From here, the collapse progression holds little surprise or ambiguity. The pier 6 superstructure continues to rotate eastward, and the rest of span 7's trusswork and road deck, severed from the pier 6 truss panels and unsupported at their south ends, drop straight down into the river. At some point during the sequence, span 6, south of pier 6, having lost the counterbalancing weight associated with the span 7 cantilever compenent, begins to deflect downwards, sagging at midspan, and inducing a smaller but significant rotation to the pier 6 superstructure. This induces the tops of the pier 6 kingposts to rotate a small distance to the south, resisted by the pier 6 roller nest assembl;ies and rocker bearings, and ejects the pier 6 roller nest and rocker bearing components northward from their pro-collapse positions atop pier 6, consistant with their post collapse disposition as evidenced by the available imagery.
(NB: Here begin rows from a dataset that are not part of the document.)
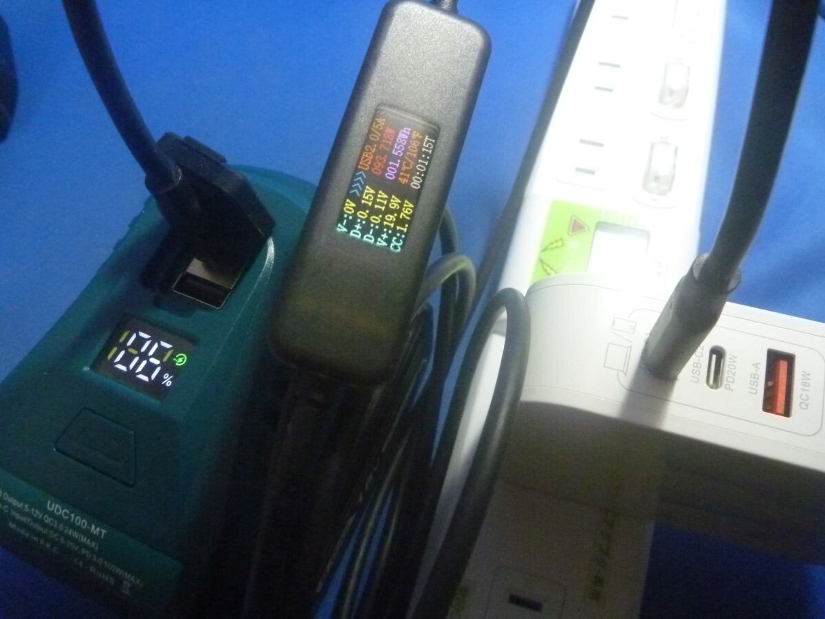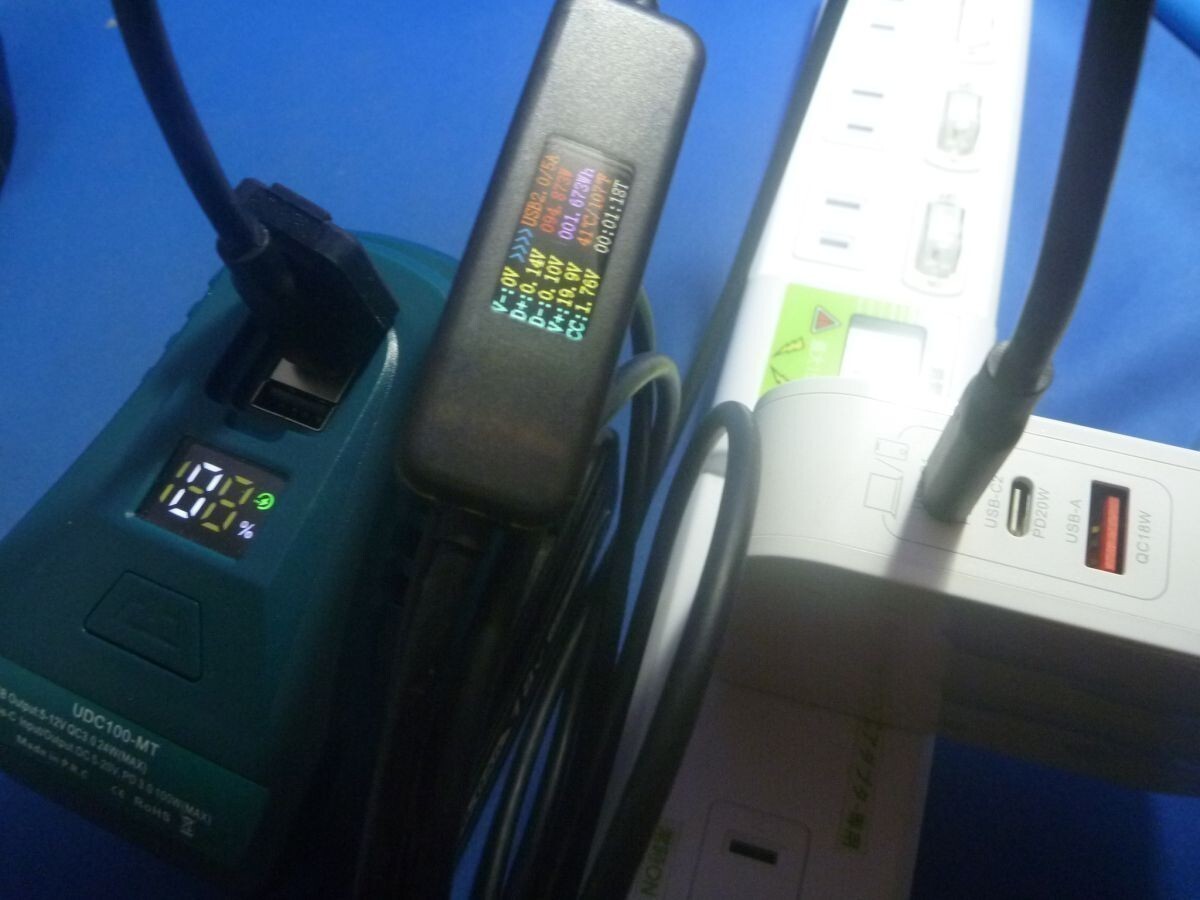 | 商品説明 | 2ポート USB-C PD 3.0 100W と USB-A 入力 バッテリー: 18v(マキタ、牧田互換用) USBタイプC: 5-15V/3Aまたは20v/3.25A・・・・・・充電用 出力 USBタイプA:5V/3A USBタイプC: 5-15V/Aまたは20V/A (最大100w) makita(マキタ互換)バッテリーからTYPE-Cにて100W の高速充電が可能です。 (対応機器で対応ケーブルを使用の場合) 写真の例ではノートパソコンの充電中 makita(マキタ互換)バッテリーをTYPE-Cにて100Wの高速充電が可能です。 (TYPE-Cケーブル、ACアダプタは高速充電対応のものをお使いください。) 写真の例ではACコンセントからアダプタを経由してTYPE-Cでマキタ電池を充電 保護回路: 過放電電圧13.5-14v保護、短絡保護。 対応バッテリー マキタ18Vリチウムイオンバッテリー用: BL1815 BL1830 BL1840 BL1850 BL1850B BL1860 BL1860B BL1890などマキタバッテリーや互換品バッテリーに対応しています。 ーーーーーーーーーーーーーーーーーーーーーーーーーーーーーーーーーーー 写真の動作例の充電、放電の詳細が分かる液晶搭載ケーブルは別途出品しています。 ーーーーーーーーーーーーーーーーーーーーーーーーーーーーーーーーーー 充電時高性能を発揮するには、100w以上の電源アダプターを使用してください。 条件を満たしていないと、充電が遅くなります。 TYPE-Cは入力としてだけでなく出力としても使用できます、USB・A端子は出力としてのみ使用できます。 画面の数字はバッテリー容量を表しています。 バッテリーが全容量なら100% と表示されます。 18vバッテリーのみ充電できます。 2ポートあるため、2系統の機器を同時充電が可能です。 この電源アダプターは、マキタ18Vバッテリーを充電するための充電器としても使用できます。 そのためマキタの重たい充電器を持ち運ぶ必要がなく、便利です 充電ポートを埃や水から守るラバーカバーを装備 新品即納です。 使用例の写真のマキタバッテリー、pc等は付属しません。 こちらはマキタの製品ではございません。 マキタ互換バッテリーは別途ご用意ください。 大量コネクタ付属で電圧可変ケーブル追加の特別セットも別途出品しています。 あわせてご検討ください。 |
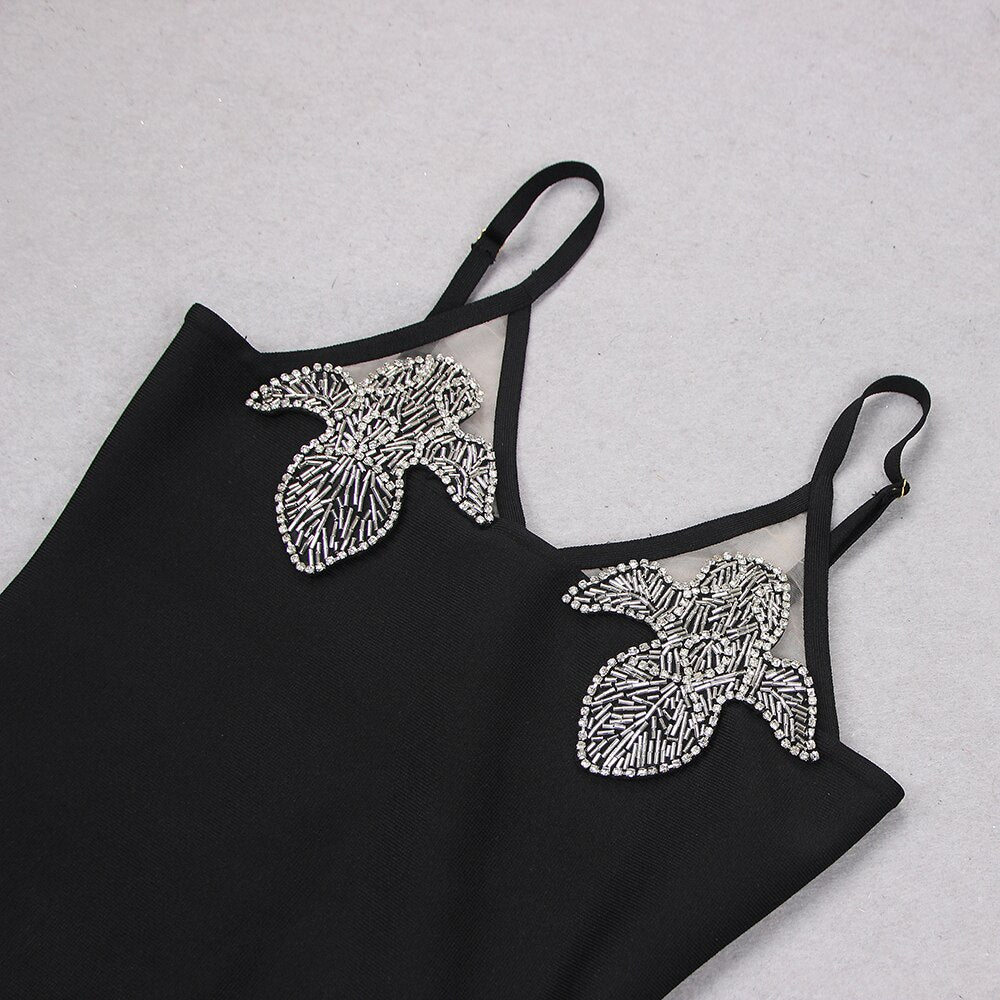 Featuring a striking black mini dress. this stylish piece features shoulder straps and a bust embellished with intricate patchwork of crystal flowers.
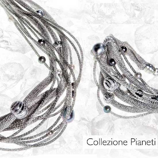 The Pianeti collection features necklace with a distinctive and trendy design. A silvered and enameled soft copper mesh is the base for a little galaxy enshrouding your neck and wrists. The planets are natural pearls, shiny sterling silver spheres, sterling silver element with cubic zirconia.
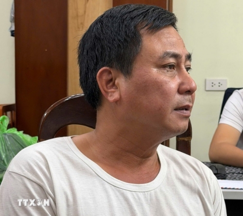 Lái xe Nguyễn Quang Thinh tại cơ quan điều tra. (Ảnh: TTXVN phát) |
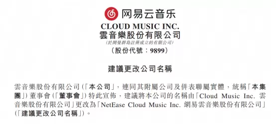 10月15日,网易云音乐在香港的上市主体云音乐股份有限公司发布公告,董事会建议将该公司名称由「Cloud Music Inc.云音乐股份有限公司」更改为「NetEase Cloud Music Inc.网易云音乐股份有限公司」。公告称,变更后公司名称将与其标志性产品网易云音乐保持一致,有助于资本市场更好识别本公司并更快捷地获取相关交易资料,及加强公司整体品牌,为股东创造长期价值,符合公司及股东的整体最佳利益。
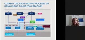 Доповідач охарактеризувала результати аналізу існуючих переліків лікарських засобів, за якими наразі реімбурсуються кошти, і схематично окреслила поточний процес прийняття рішень щодо використання бюджетних коштів на закупівлю лікарських засобів. Рабією Кахведжі було наголошено, що необхідно уніфікувати наявні в Україні переліки, методи і стратегію відбору ЛЗ з метою створення єдиного позитивного переліку на основі принципів доказової медицини, що дозволить забезпечити кращу ефективність і прозорість системи медичного забезпечення населення якісними, ефективними та доступними лікарськими засобами.

Finally, I would repeat that while I cannot prove this is the correct failure sequence, I can say that this sequence is consistent with all available data of which I am aware, and that none of the available data contradicts these assumptions, conclusions and speculations to any appreciable extent of which I am aware. More as new information or imagery becomes available.

Feel free to distribute this analysis for any non-commercial purposes, though I do ask that Free Republic be referenced in all such distributions. All imagery used in this analysis was accessed in the public domain, though original copyrights still reside with the original owners or their designees. Overlying graphics analysis may be distributed for non-profit purposes, with Free Republic referencing as outlined above.

I greatly appreciate all who have contributed to previous discussions regarding this matter, you are too numerous to name but you know who you are. Without your efforts in analyzing this failure, and in bringing imagery and video to my attention, none of this discussion would have been possible.

Thank you.

Your piers are labelled correctly, but not your connection points.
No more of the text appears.